The treacherous case
B b1;
B b2;
A& a_ref = b2;
a_ref = b1;
//b2 now contains a mixture of b1 and b2!
You might think that b2 will be a copy of b1 afterward. But, alas, it's not! If you inspect it, you'll discover that b2 is a Frankensteinian creature, made from some chunks of b1 (the chunks that B inherits from A), and some chunks of b2 (the chunks that only B contains). Ouch!
What happened? Well, C++ by default doesn't treat assignment operators as virtual. Thus, the line a_ref = b1 will call the assignment operator of A, not that of B. This is because, for non-virtual functions, the declared (formally: static) type (which is A&) determines which function is called, as opposed to the actual (formally: dynamic) type (which would be B, since a_ref references an instance of B). Now, A's assignment operator obviously knows only about the members declared in A, so it will copy only those, leaving the members added in B unchanged.
A solution
Assigning only to parts of an object usually makes little sense, yet C++, unfortunately, provides no built-in way to forbid this. You can, however, roll your own. The first step is making the assignment operator virtual. This will guarantee that it's always the actual type's assignment operator which is called, not the declared type's. The second step is to use dynamic_cast to verify that the assigned object has a compatible type. The third step is to do the actual assignment in a (protected!) member assign(), since B's assign() will probably want to use A's assign() to copy A's, members.
class A {
public:
virtual A& operator= (const A& a) {
assign(a);
return *this;
}
protected:
void assign(const A& a) {
// copy members of A from a to this
}
};
class B : public A {
public:
virtual B& operator= (const A& a) {
if (const B* b = dynamic_cast<const B*>(&a))
assign(*b);
else
throw bad_assignment();
return *this;
}
protected:
void assign(const B& b) {
A::assign(b); // Let A's assign() copy members of A from b to this
// copy members of B from b to this
}
};
Note that, for pure convenience, B's operator= covariantly overrides the return type, since it knows that it's returning an instance of B.
If You have a base class A and a derived class B, then You can do the following.
void wantAnA(A myA)
{
// work with myA
}
B derived;
// work with the object "derived"
wantAnA(derived);
Now the method wantAnA needs a copy of derived. However, the object derived cannot be copied completely, as the class B could invent additional member variables which are not in its base class A.

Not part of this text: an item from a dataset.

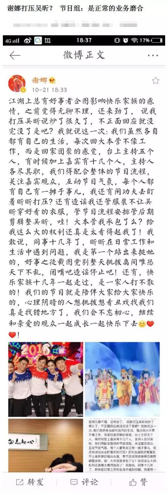 针对这一切的质疑,谢娜也出来解释什么,但是往事嚼烂之后,舆论又把矛头指向谢娜在快本上处处针对吴昕,打压吴昕,让吴昕一直只能默默的当绿叶,连出境的机会也少得可怜,几乎没有她插话的地方。以前不管别人怎么说,谢娜都可以当做没有发生一样,但是这一次可能触碰了谢娜的底线,她再也坐不住了,忍不住站出来澄清谣言。

Therefore, to call wantAnA, the compiler will "slice off" all additional members of the derived class. The result might be an object you did not want to create, because
it may be incomplete,
it behaves like an A-object (all special behaviour of the class B is lost).
These are all good answers. I would just like to add an execution example when passing objects by value vs by reference:
#include <iostream>
using namespace std;
// Base class
class A {
public:
A() {}
A(const A& a) {
cout << "'A' copy constructor" << endl;
}
virtual void run() const { cout << "I am an 'A'" << endl; }
};
// Derived class
class B: public A {
public:
B():A() {}
B(const B& a):A(a) {
cout << "'B' copy constructor" << endl;
}
virtual void run() const { cout << "I am a 'B'" << endl; }
};
void g(const A & a) {
a.run();
}
void h(const A a) {
a.run();
}
int main() {
cout << "Call by reference" << endl;
g(B());
cout << endl << "Call by copy" << endl;
h(B());
}
The output is:
Call by reference
I am a 'B'
Call by copy
'A' copy constructor
I am an 'A'
Third match in google for "C++ slicing" gives me this Wikipedia article http://en.wikipedia.org/wiki/Object_slicing and this (heated, but the first few posts define the problem) : http://bytes.com/forum/thread163565.html
So it's when you assign an object of a subclass to the super class. The superclass knows nothing of the additional information in the subclass, and hasn't got room to store it, so the additional information gets "sliced off".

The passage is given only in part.